- TASK DIRECTIONS -
All entries below must be written out verbatim, and the images must be dropped.

----

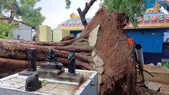 மாசாணியம்மன் கோயிலிலும் மரம் சாய்ந்தது:
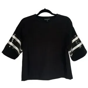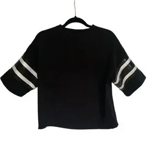 Cynthia Rowley Sequin Striped Sleeve Sports Jersey Top Small
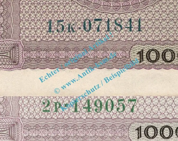 Das Bild zeigt einen der hier angebotenen Sätze oder Scheine als Beispiel / Muster
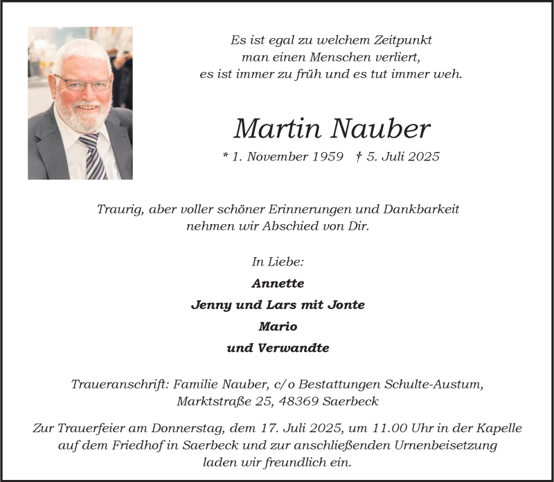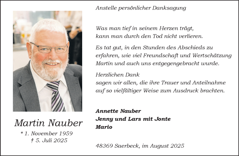 Hier finden Sie alle Traueranzeigen aus der Zeitung, die bisher für Martin Nauber erschienen sind. Weitere Traueranzeigen, die in der Zeitung erscheinen, werden hier ebenfalls aufgelistet
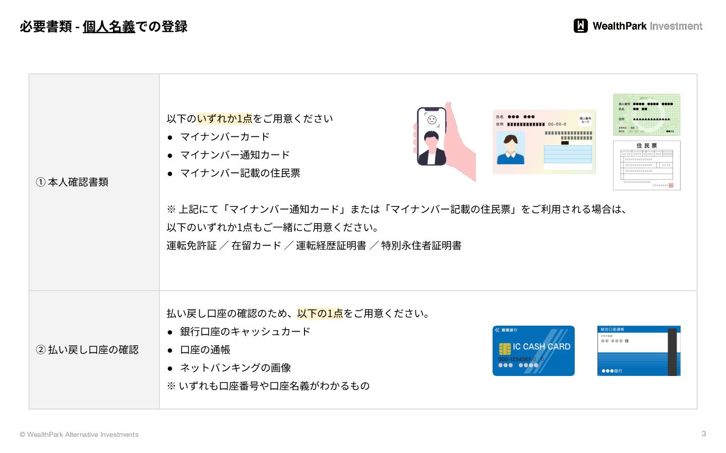 2. © WealthPark Alternative Investments 必要書類 - 個⼈名義での登録 3 ① 本⼈確認書類
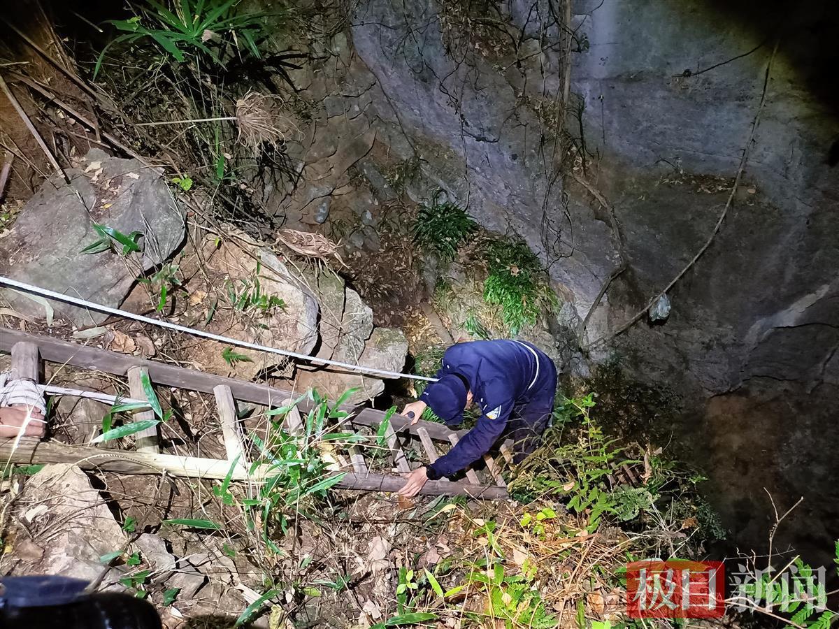 为进一步了解天坑内的地貌及彭某伤情,民警组织群众借来木质长梯,用绳索系住长梯顶部,将长梯放下到天坑上端处的一块平台,民警赵威系上安全绳,深入天坑内查看,发现彭某在坑底呼吸急促,情况十分危急。
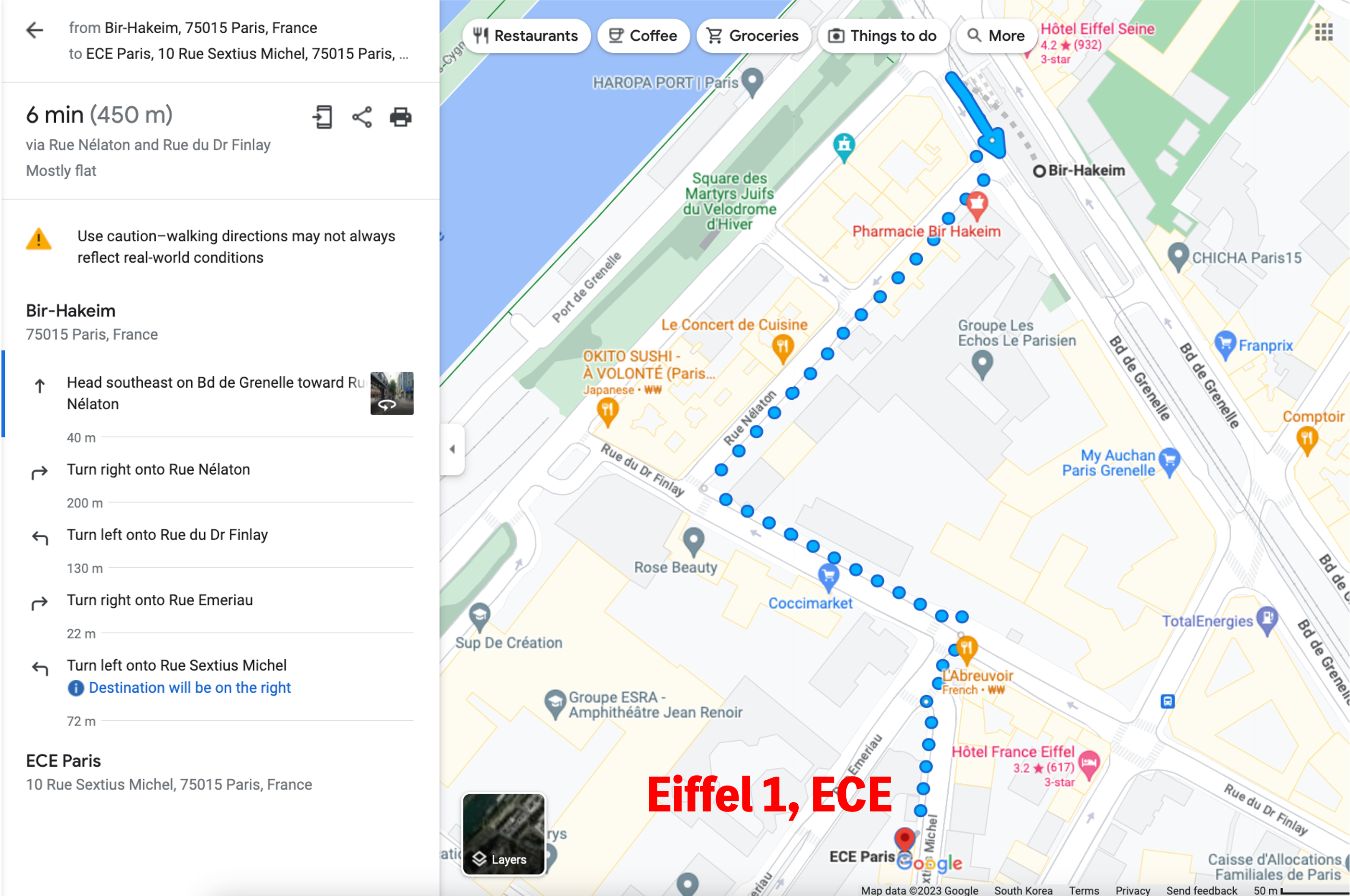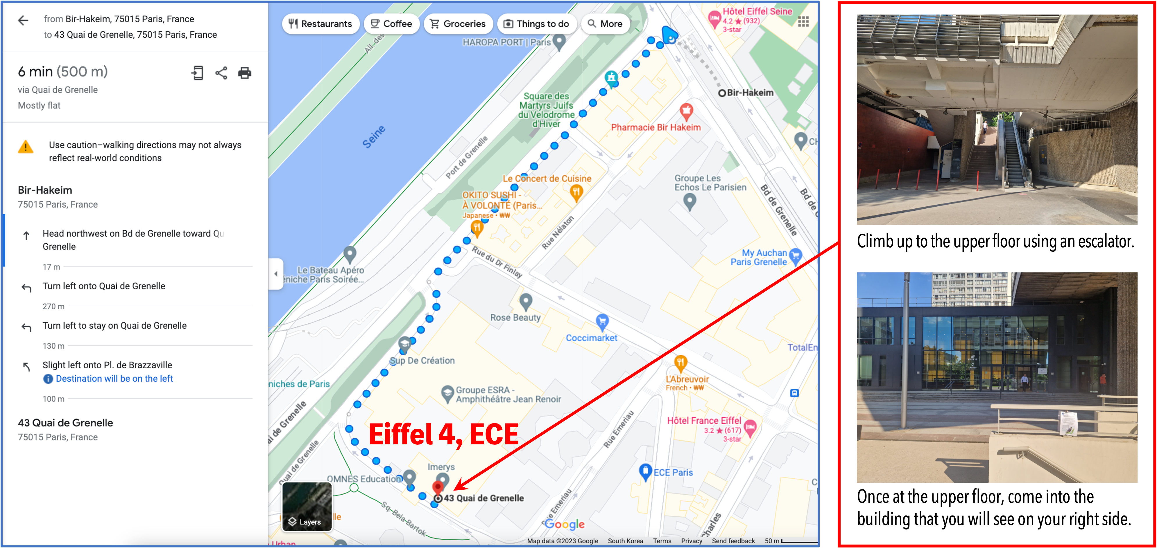 Bir-Hakeim (Metro 6 station) ↔ Eiffel 4/Imerys– Eiffel 4, ECE: 43 quai de Grenelle, 75015 Paris (Room S1 and Lunch place)
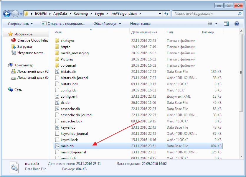 - В этой папке находятся файлы по всем аккаунтам от Skype, поэтому после перехода в неё, вы увидите логины, которые создавали даже несколько лет назад:
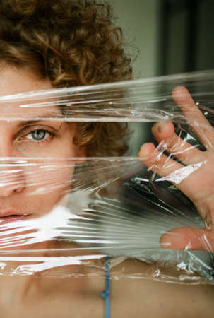 Close up shot of woman in plastic bag, look through the plastic bag.
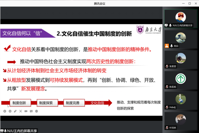 2020级研究生第二党支部开展“中国特色社会主义文化自信与当代青年文化素养”主题党日活动。本次主题党日活动由党支部书记姚瀚霖同志主持,党支部副书记王冉同志主讲。
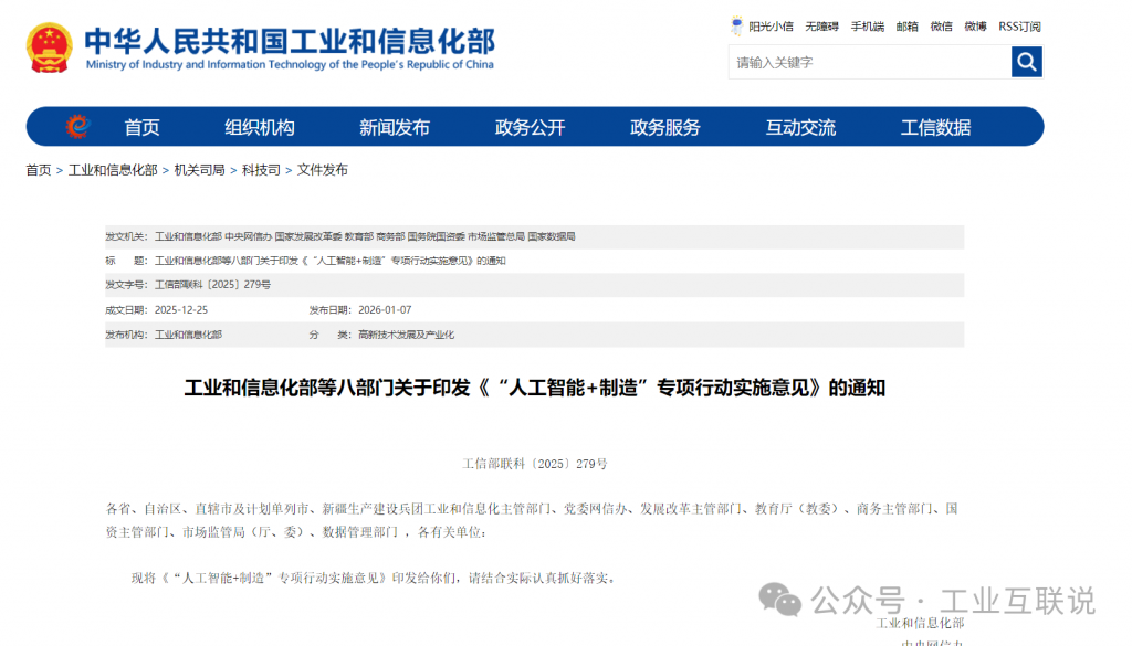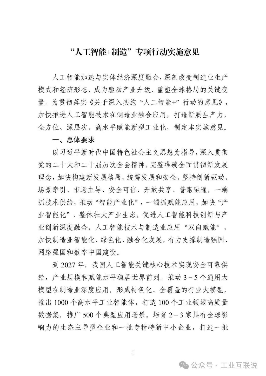 摘要:工业和信息化部等八部门于2025年12月25日联合印发《“人工智能+制造”专项行动实施意见》,并于2026年1月7日正式发布。该文件提出,到2027年,我国人工智能关键核心技术需实现安全可靠供给,产业规模和赋能水平稳居世界前列,具体目标包括推动3至5个通用大模型在制造业深度应用、形成行业大模型、打造100个高质量工业数据集、推广500个典型应用场景,并培育多家全球影响力企业和1000家标杆企业。围绕目标,《实施意见》部署了创新筑基、赋智升级等7方面21项举措,强调通过部门合作与央地联动机制防范产业无序竞争。同时,配套发布《人工智能赋能制造业重点行业转型指引》和《制造业企业人工智能应用指南》,为行业转型和企业实践提供具体路径。
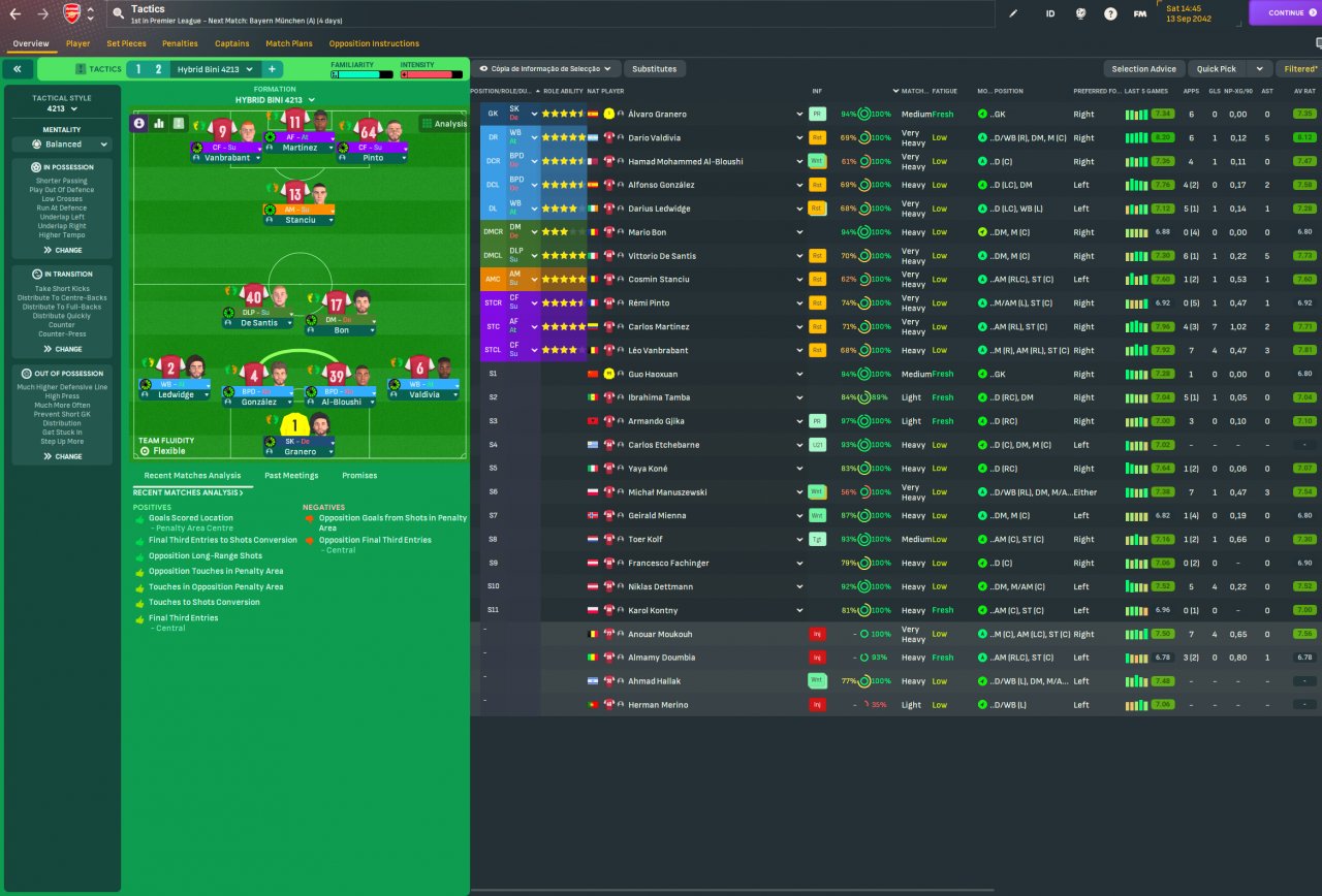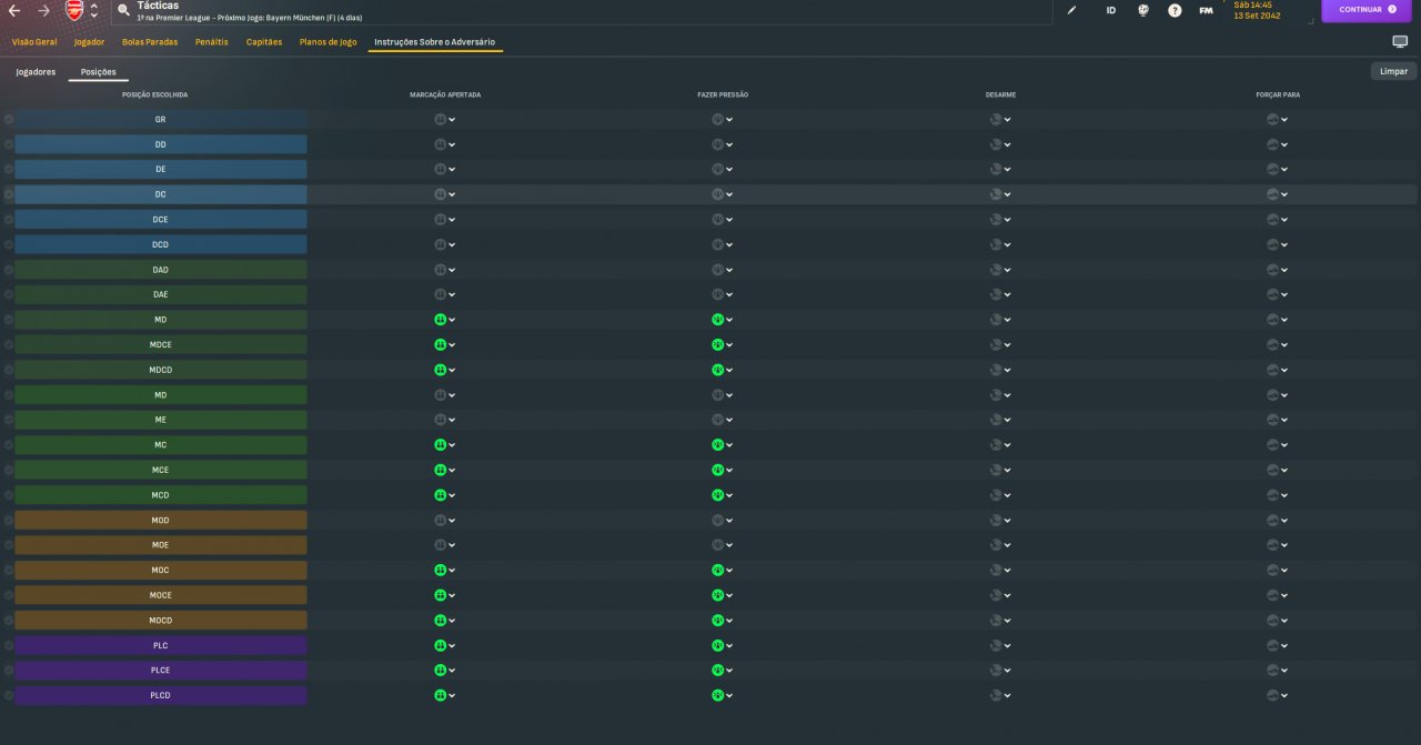 The tactic is very strong offensively and also is able to mantain a strong defensive performance. The two wing backs play a very important role on the build up of the tactic, and they stay wide, and to help the defensive structure of the team, there's a Defensive Midfielder on Defensive duty. The other Central Midfielder it's a playmaker which will also get you some deathly passes on to the front 4. About the front 4, well, you have a Offensive Midfielder on a support role, which helps the midfield both on the defensive as in the offensive part of the game. Add to that, you have 2 Complete Forwards, which will act as wingers (although not so wide), and 1 Striker which will get plenty of opportunities through out the match. All of the front 4 have the instruction to press in the off ball moment.

----

- WRITTEN REPLY -
 மாசாணியம்மன் கோயிலிலும் மரம் சாய்ந்தது:
 Cynthia Rowley Sequin Striped Sleeve Sports Jersey Top Small
 Das Bild zeigt einen der hier angebotenen Sätze oder Scheine als Beispiel / Muster
 Hier finden Sie alle Traueranzeigen aus der Zeitung, die bisher für Martin Nauber erschienen sind. Weitere Traueranzeigen, die in der Zeitung erscheinen, werden hier ebenfalls aufgelistet
 2. © WealthPark Alternative Investments 必要書類 - 個⼈名義での登録 3 ① 本⼈確認書類
 为进一步了解天坑内的地貌及彭某伤情,民警组织群众借来木质长梯,用绳索系住长梯顶部,将长梯放下到天坑上端处的一块平台,民警赵威系上安全绳,深入天坑内查看,发现彭某在坑底呼吸急促,情况十分危急。
 Bir-Hakeim (Metro 6 station) ↔ Eiffel 4/Imerys– Eiffel 4, ECE: 43 quai de Grenelle, 75015 Paris (Room S1 and Lunch place)
 - В этой папке находятся файлы по всем аккаунтам от Skype, поэтому после перехода в неё, вы увидите логины, которые создавали даже несколько лет назад:
 Close up shot of woman in plastic bag, look through the plastic bag.
 2020级研究生第二党支部开展“中国特色社会主义文化自信与当代青年文化素养”主题党日活动。本次主题党日活动由党支部书记姚瀚霖同志主持,党支部副书记王冉同志主讲。
 摘要:工业和信息化部等八部门于2025年12月25日联合印发《“人工智能+制造”专项行动实施意见》,并于2026年1月7日正式发布。该文件提出,到2027年,我国人工智能关键核心技术需实现安全可靠供给,产业规模和赋能水平稳居世界前列,具体目标包括推动3至5个通用大模型在制造业深度应用、形成行业大模型、打造100个高质量工业数据集、推广500个典型应用场景,并培育多家全球影响力企业和1000家标杆企业。围绕目标,《实施意见》部署了创新筑基、赋智升级等7方面21项举措,强调通过部门合作与央地联动机制防范产业无序竞争。同时,配套发布《人工智能赋能制造业重点行业转型指引》和《制造业企业人工智能应用指南》,为行业转型和企业实践提供具体路径。
 The tactic is very strong offensively and also is able to mantain a strong defensive performance. The two wing backs play a very important role on the build up of the tactic, and they stay wide, and to help the defensive structure of the team, there's a Defensive Midfielder on Defensive duty. The other Central Midfielder it's a playmaker which will also get you some deathly passes on to the front 4. About the front 4, well, you have a Offensive Midfielder on a support role, which helps the midfield both on the defensive as in the offensive part of the game. Add to that, you have 2 Complete Forwards, which will act as wingers (although not so wide), and 1 Striker which will get plenty of opportunities through out the match. All of the front 4 have the instruction to press in the off ball moment.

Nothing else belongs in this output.